### Goal of the exercise
Starting at the line that contains "Отодвиньте ковролин, чтобы" and stopping at the line that contains "meatballs topped with", restate each line of the records below exactly. Omit the pictures.

### The input
↓↓↓

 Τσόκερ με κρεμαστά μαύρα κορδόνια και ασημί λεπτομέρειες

↑↑↑
↓↓↓

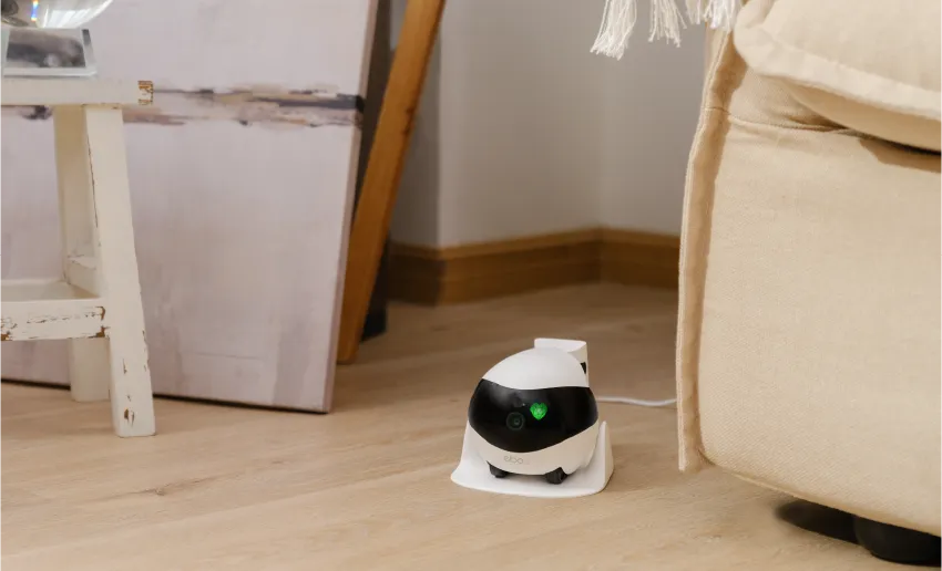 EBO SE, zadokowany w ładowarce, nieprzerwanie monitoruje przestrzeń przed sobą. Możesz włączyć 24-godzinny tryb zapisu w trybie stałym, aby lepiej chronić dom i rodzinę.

↑↑↑
↓↓↓

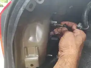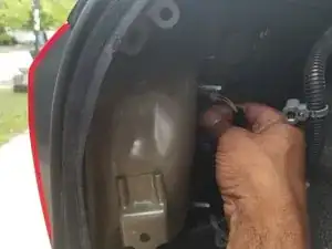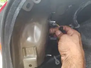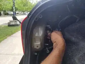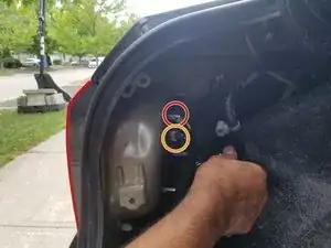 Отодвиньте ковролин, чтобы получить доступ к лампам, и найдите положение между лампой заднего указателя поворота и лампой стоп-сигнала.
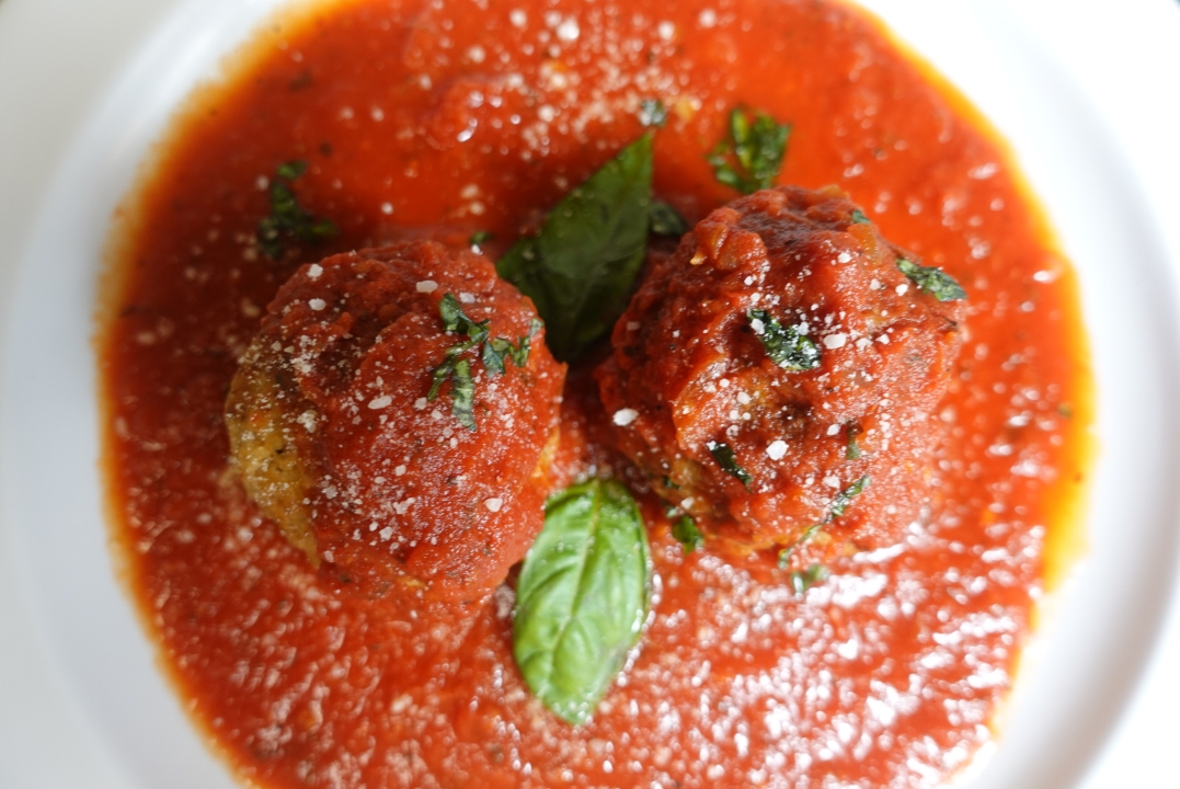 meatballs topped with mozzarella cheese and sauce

↑↑↑

### Output for this task
 Отодвиньте ковролин, чтобы получить доступ к лампам, и найдите положение между лампой заднего указателя поворота и лампой стоп-сигнала.
 meatballs topped with mozzarella cheese and sauce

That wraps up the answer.